- _To do_: No pictures go into the copy. Write out exactly the lines below from the one containing "Шейкер изготовлен из" through the one containing "著名武俠文學大師金庸先生,二十六日在京出席四十集電視連續劇《笑傲江湖》首播式。中新社記者 錢興強 攝".
===== Information
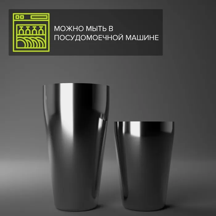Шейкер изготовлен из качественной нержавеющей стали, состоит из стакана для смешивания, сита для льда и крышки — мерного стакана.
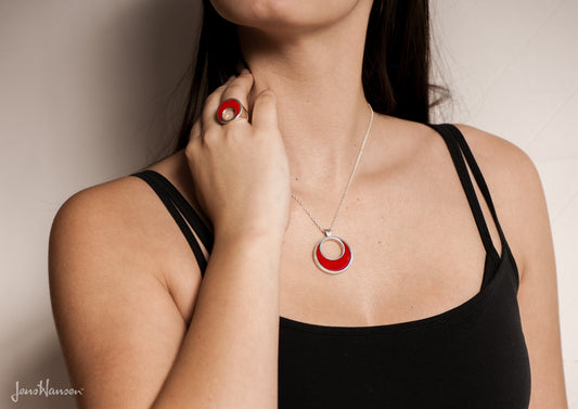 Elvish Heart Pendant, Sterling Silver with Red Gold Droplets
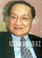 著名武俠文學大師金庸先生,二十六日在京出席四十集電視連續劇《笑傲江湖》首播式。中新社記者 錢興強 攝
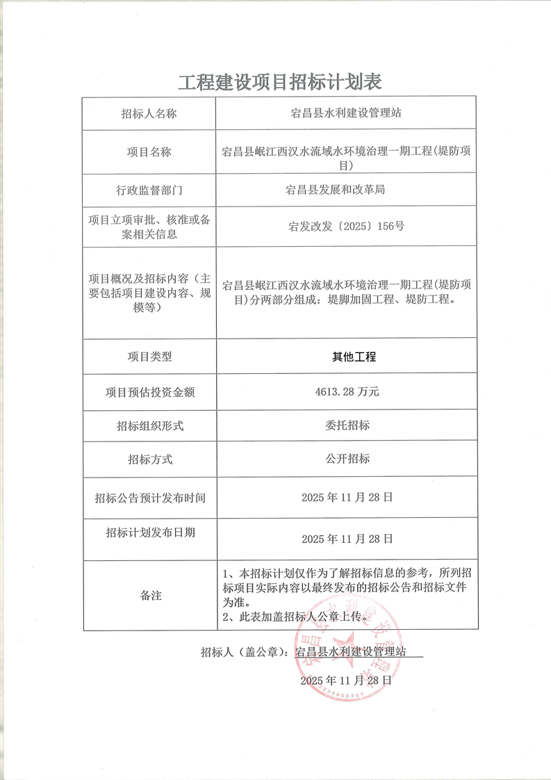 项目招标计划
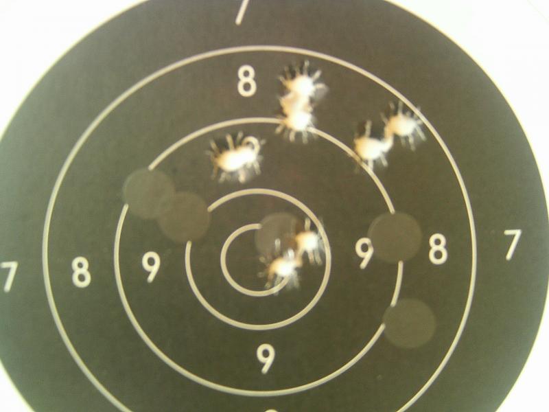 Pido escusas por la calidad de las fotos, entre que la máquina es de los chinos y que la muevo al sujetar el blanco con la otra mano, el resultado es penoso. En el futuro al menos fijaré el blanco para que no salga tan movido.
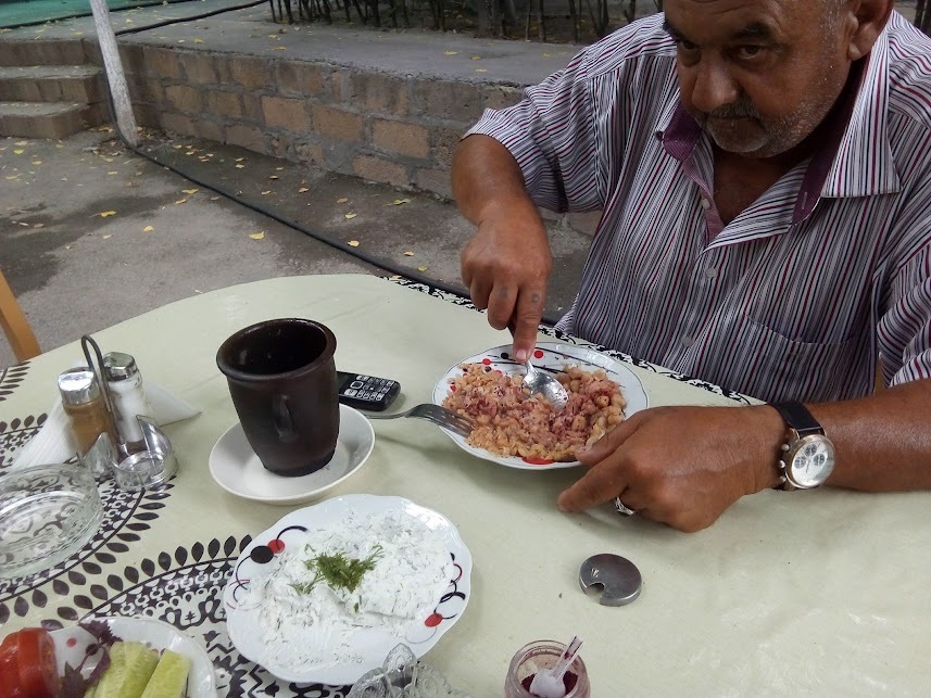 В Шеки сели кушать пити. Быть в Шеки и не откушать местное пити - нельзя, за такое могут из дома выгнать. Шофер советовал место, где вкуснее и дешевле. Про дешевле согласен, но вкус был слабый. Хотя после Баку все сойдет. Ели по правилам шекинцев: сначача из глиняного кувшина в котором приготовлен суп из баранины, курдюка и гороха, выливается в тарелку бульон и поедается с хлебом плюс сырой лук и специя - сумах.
==========
===== Information
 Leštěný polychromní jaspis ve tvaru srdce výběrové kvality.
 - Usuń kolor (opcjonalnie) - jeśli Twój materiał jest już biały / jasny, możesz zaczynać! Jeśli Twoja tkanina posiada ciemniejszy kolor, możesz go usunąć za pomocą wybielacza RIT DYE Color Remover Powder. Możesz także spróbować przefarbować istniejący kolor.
==========
- _Response below_:
Шейкер изготовлен из качественной нержавеющей стали, состоит из стакана для смешивания, сита для льда и крышки — мерного стакана.
 Elvish Heart Pendant, Sterling Silver with Red Gold Droplets
 著名武俠文學大師金庸先生,二十六日在京出席四十集電視連續劇《笑傲江湖》首播式。中新社記者 錢興強 攝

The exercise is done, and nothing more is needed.